UC Irvine and Brown University researchers have created a new fruit fly model of inherited epilepsy that’s providing insights into the mechanisms underlying temperature-dependent seizures while establishing a platform from which to develop therapies for these disorders.
In The Journal of Neuroscience, Diane O’Dowd of UCI, Robert Reenan of Brown and colleagues report their method for placing a gene mutation that causes human fever-induced seizures into drosophila fruit flies. As a result, the mutant flies experience heat-induced seizures.
This represents the first time a human genetic disease mutation has been “knocked in” to the equivalent location in the fruit fly genome. The drosophila knock-in model provides a rapid and low-cost basis for defining the neural mechanisms contributing to inherited seizure disorders.
“We can also use this genetic model of human epilepsy in fruit flies to look for new treatments for the disease,” said O’Dowd, professor and chair of developmental & cell biology at UCI.

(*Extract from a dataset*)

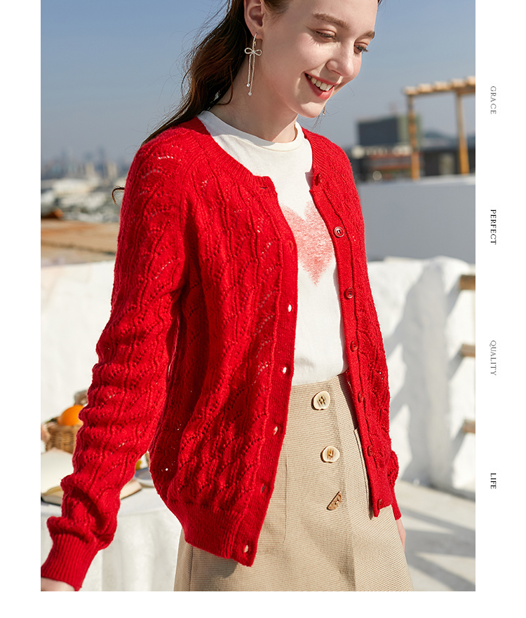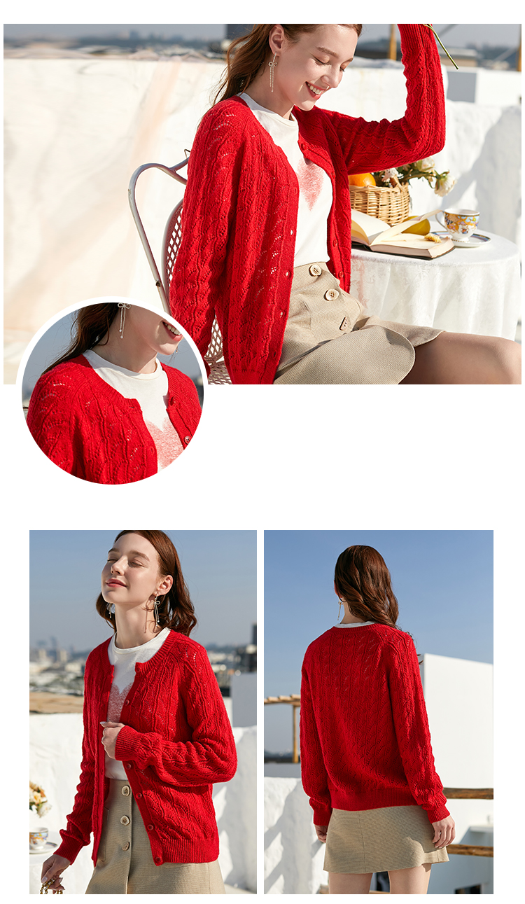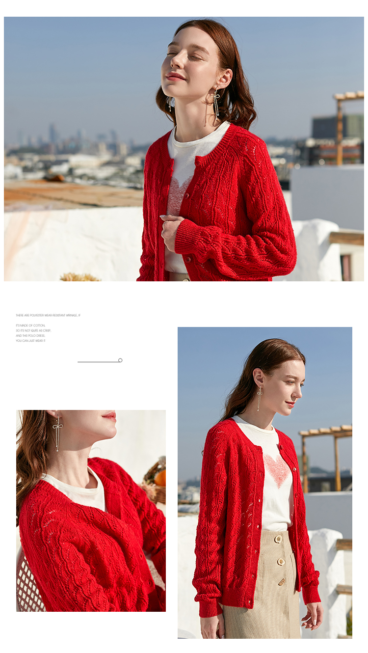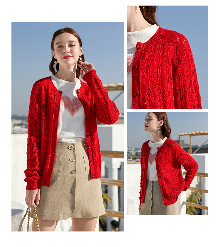 欧芮儿年春新款长袖开衫毛针织衫女宽松镂空红色毛衣内搭

Fever-induced, or febrile, seizures are most commonly seen in children. Only about one in 100 children with febrile seizures develops epilepsy, and most outgrow them by age 5. In contrast, individuals who have the inherited disorder – termed GEFS+ – have febrile seizures that persist beyond childhood and also often develop seizures in the absence of fever.
Reenan, a biology professor at Brown, and Brown undergraduate Jeff Gilligan used a genetic-exchange research method called “homologous recombination” to insert a mutation into the gene in fruit flies that’s a direct parallel of the GEFS+ mutation in the human SCN1A sodium channel gene that causes febrile seizures in people.
When placed in tubes that were put in warm water, most of the mutant fruit flies began to experience seizures within 20 to 30 seconds. They would fall over, and their wings would flap and their legs twitch for about two minutes while the flies were kept at a high temperature. The researchers found that seizure susceptibility was dose-dependent: Ninety-five percent of the flies with two copies of the mutant gene had seizures, as opposed to 60 percent of those with just one copy. Unaltered control flies did not have temperature-dependent seizures.
To determine the neurological causes of the seizures, O’Dowd, her postdoctoral fellow and lead study author Lei Sun, and UCI colleagues examined neurons in the brains of both mutant and control flies to monitor activity and see how they behaved as the brains were heated. In the mutant flies, they discovered flaws in the functioning of sodium channels.
“What happens is the mutant channels don’t open and close properly,” O’Dowd said. “This effect is amplified at high temperature, and this changes the ability of neurons to generate the appropriate electrical signals, leading to hyperactivity in the brain circuits.”
“With this knowledge, the next step is to use this model to look for drugs that might reduce or eliminate heat-induced seizures,” she added.
In addition to providing insight into the neurology of febrile seizures, the study establishes a new fruit fly model as a viable genetic platform for the study of epilepsy and validates the use of homologous recombination in flies to explore mechanisms underlying other genetically linked diseases.
Ryan Schutte and Vivian Nguyen of UCI and Cynthia Staber of Brown also contributed to the study, which was funded by the National Institutes of Health, Howard Hughes Medical Institute and the Ellison Medical Foundation.